By performing data analysis on relevant, correct, and accurate data, you will have a better understanding of the right choices you need to make and how to make more informed and wiser decisions.
Data analysis means having better insights, which helps improve decision-making and leads to solving problems.
All the above will help a business grow.
Not analyzing data, or having insufficient data, could be one of the reasons why your business is not growing.
If that is the case, performing data analysis will help you come up with a more effective strategy for the future.
And if your business is growing, analyzing data will help it grow even further.
It will help reach its full potential and meet different goals – such as boosting customer retention, finding new customers, or providing a smoother and more pleasant customer experience.
The first step in the data analysis process is setting a clear objective.
Before setting out to gather a large amount of data, it is important to think of why you are actually performing the data analysis in the first place.
What problem are you trying to solve?
What is the purpose of this data analysis?
What are you trying to do?
What do you want to achieve?
What is the end goal?
What do you want to gain from the analysis?
Why do you even need data analysis?
At this stage, it is paramount to have an insight and understanding of your business goals.
Start by defining the right questions you want to answer and the immediate and long-term business goals.
Identify what is needed for the analysis, what kind of data you would need, what data you want to track and measure, and think of a specific problem you want to solve.
The next step is to identify what type of data you want to collect – whether it will be qualitative (non-numerical, descriptive ) or quantitative (numerical).
The way you go about collecting the data and the sources you gather from will depend on whether it is qualitative or quantitative.
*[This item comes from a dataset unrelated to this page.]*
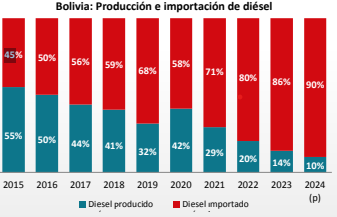 En 2015, se importaba el 45 por ciento del diésel, y este porcentaje aumentó anualmente hasta llegar al 90 por ciento en 2024, lo que significa que nueve de cada diez litros de diésel consumidos en Bolivia son importados.
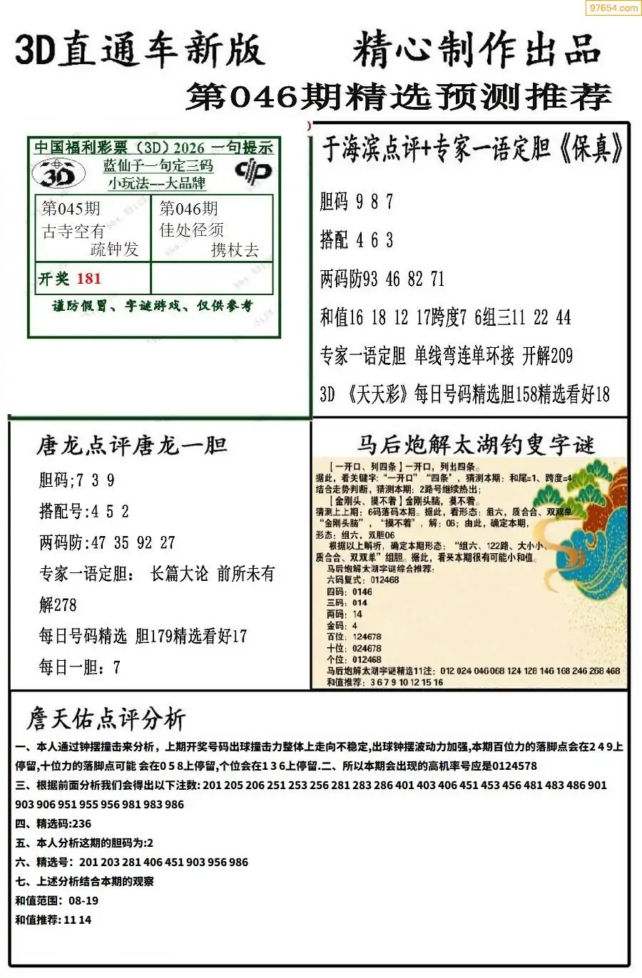 26年046期3D各板块资料整合汇总

Some of the ways you could collect relevant and suitable data are:
- By viewing the results of user groups, surveys, forms, questionnaires, internal documents, and interviews that have already been conducted in the business.
- By viewing customer reviews and feedback on customer satisfaction.
- By viewing transactions and purchase history records, as well as sales and financial figure reports created by the finance or marketing department of the business.
- By using a customer relationship management system (CRM) in the company.
- By monitoring website and social media activity and monthly visitors.
- By monitoring social media engagement.
- By tracking commonly searched keywords and search queries.
- By checking which ads are regularly clicked on.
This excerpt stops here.